■ **Your goal**: All lines from the opening of the material up to and including the line with "2138CC太阳集团金6号、金7号门面招租三次结果公告" should be transcribed exactly, pictures excepted.

■ **Data supplied**:
★ ★ ★ ★ ★ ★ ★

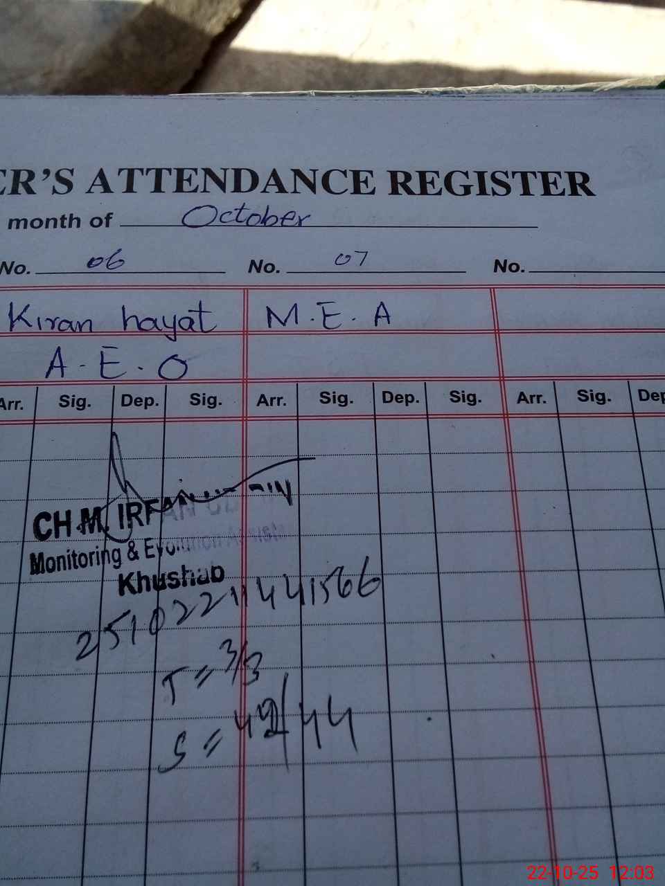 | Name: IR**** AH**** Designation: (School Headmaster's/Headmistress's) PST Phone/Cell Number: 03**** |
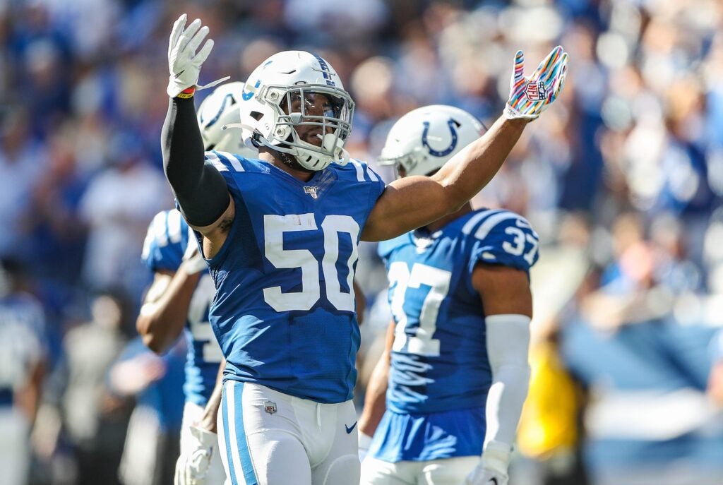 While with the Colts, he appeared in 57 games and started in 48 of them, recording 343 total tackles, 3.5 sacks, and 19 tackles for loss. The best year of his career came in 2019, when he led the team with 124 total tackles and had his career high of 2.5 sacks.
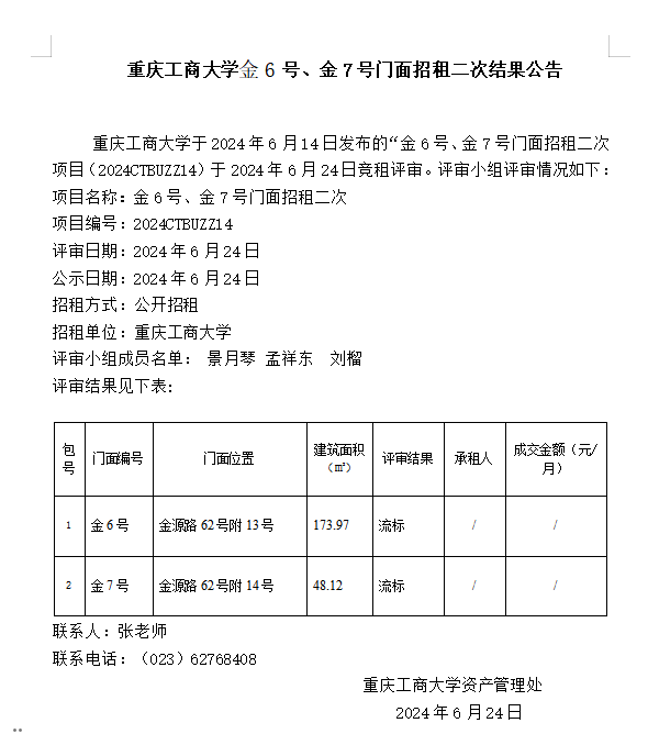 2138CC太阳集团金6号、金7号门面招租三次结果公告
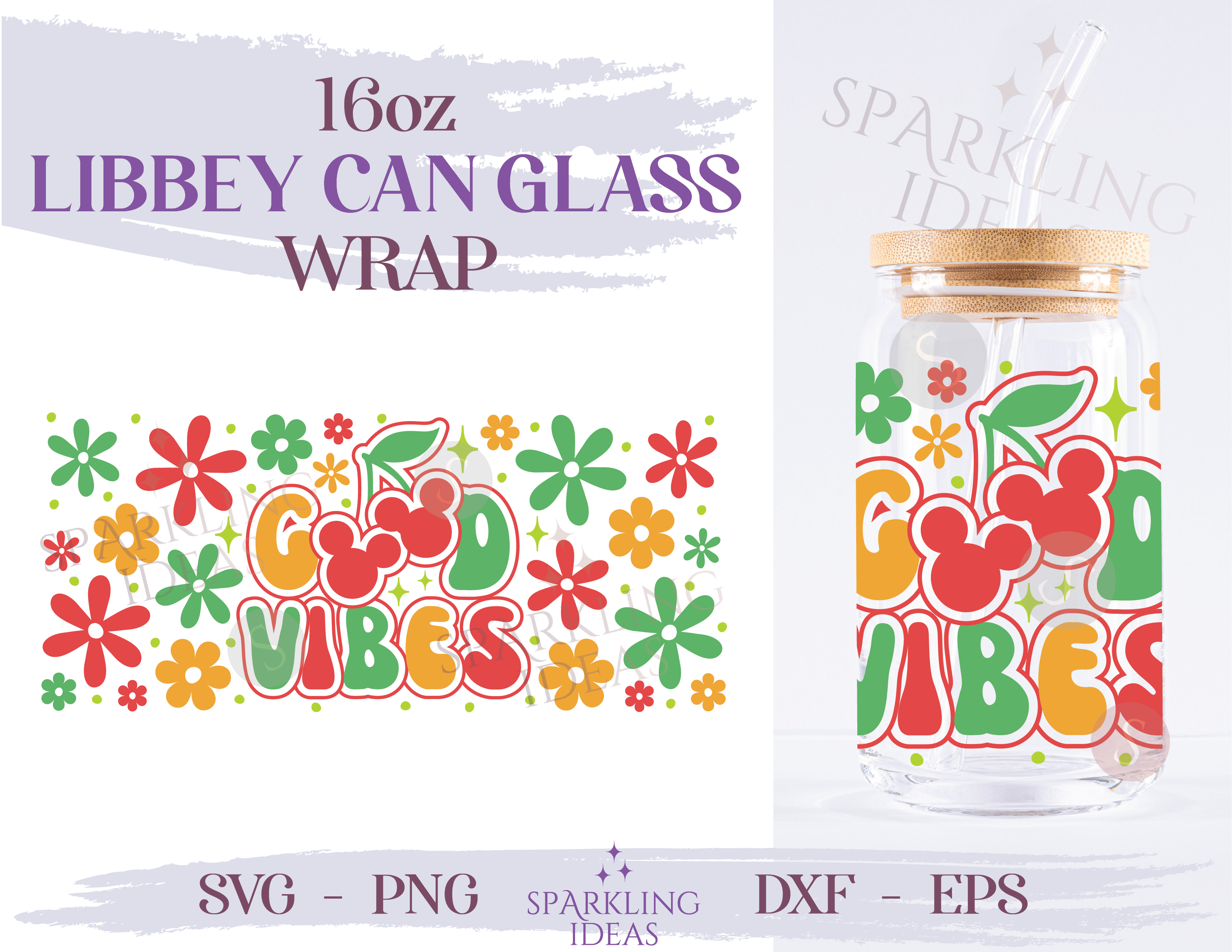 Good Vibes Cherry Mickey Ears Can Glass 16oz, Retro Flowers Mouse Libbey Wrap Svg, Vintage Groovy Mickey Ears Cup Wrap
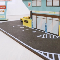 Avec ce kit créatif, construisez un supermarché avec restaurant burger, parking, rampes d’entrée et de sortie, ainsi que des routes attenantes. Les pièces s’assemblent aisément, tiennent fermement pendant le jeu et offrent aux enfants des heures de conduite imaginative avec des petites voitures. Les composants en carton et en bois issus de matériaux responsables garantissent résistance et respect de l’environnement.
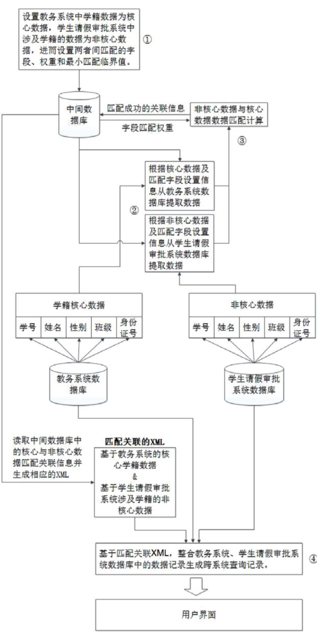 摘要:针对信息孤岛导致的数据互通难和不一致问题,本文提出一种跨系统数据匹配的方法。在现有孤岛式信息系统基础上,对现有各系统数据库中存在的同类数据,以其中某一系统中数据为准并形成核心数据,其他系统中对应的同类数据则作为非核心数据,进而采取多字段加权计算匹配值并取最优值的方法,实现非核心数据匹配关联核心数据,形成匹配关联信息保存在一个中间数据库中;查找数据时,读取中间数据库中的匹配关联信息并生成相应的XML或JSON文件,以此整合现有相应数据库中数据并提供准确的数据服务。经仿真验证,该方法能准确识别出非核心数据中的对应数据并予以匹配,在两系统数据不一致的情况下实现跨系统数据准确识别和匹配。
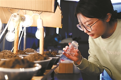 在降水變率控制試驗平臺,博士生霍天賜在記錄最近的降水量。受氣候變化影響,極端降水事件頻發(fā),降水變異性增強。團隊想通過控制各實驗小區(qū)的降水量,探究降水變異對半干旱草原生產力和碳循環(huán)過程的影響機制。
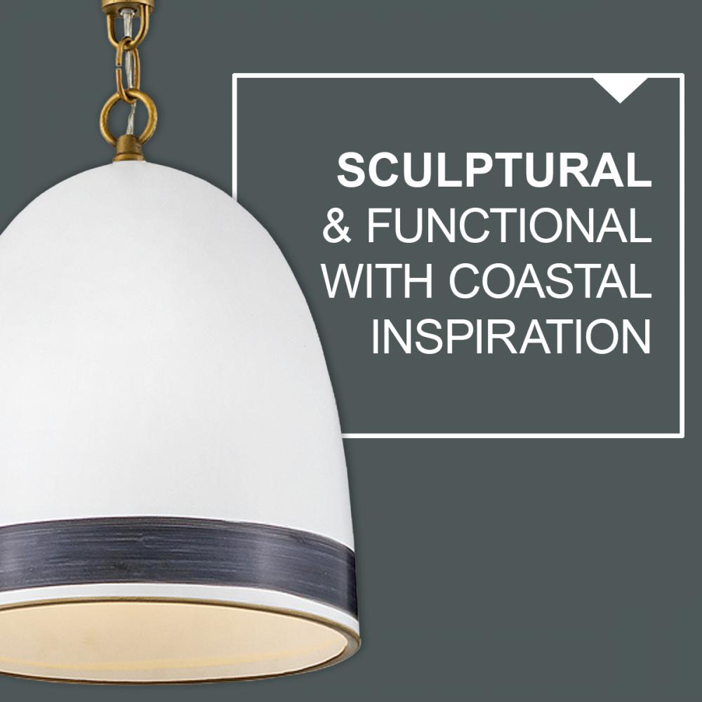 Fresh and welcoming, Nash merges sculptural and functional features with coastal inspiration. A hand-painted stripe and contrasting tipping complete the thrown ceramic shade. Combined with a thick jute rope, the details of Nash bring organic warmth and texture to any space.

★ ★ ★ ★ ★ ★ ★

■ **Task answer**:
 | Name: IR**** AH**** Designation: (School Headmaster's/Headmistress's) PST Phone/Cell Number: 03**** |
 While with the Colts, he appeared in 57 games and started in 48 of them, recording 343 total tackles, 3.5 sacks, and 19 tackles for loss. The best year of his career came in 2019, when he led the team with 124 total tackles and had his career high of 2.5 sacks.
 2138CC太阳集团金6号、金7号门面招租三次结果公告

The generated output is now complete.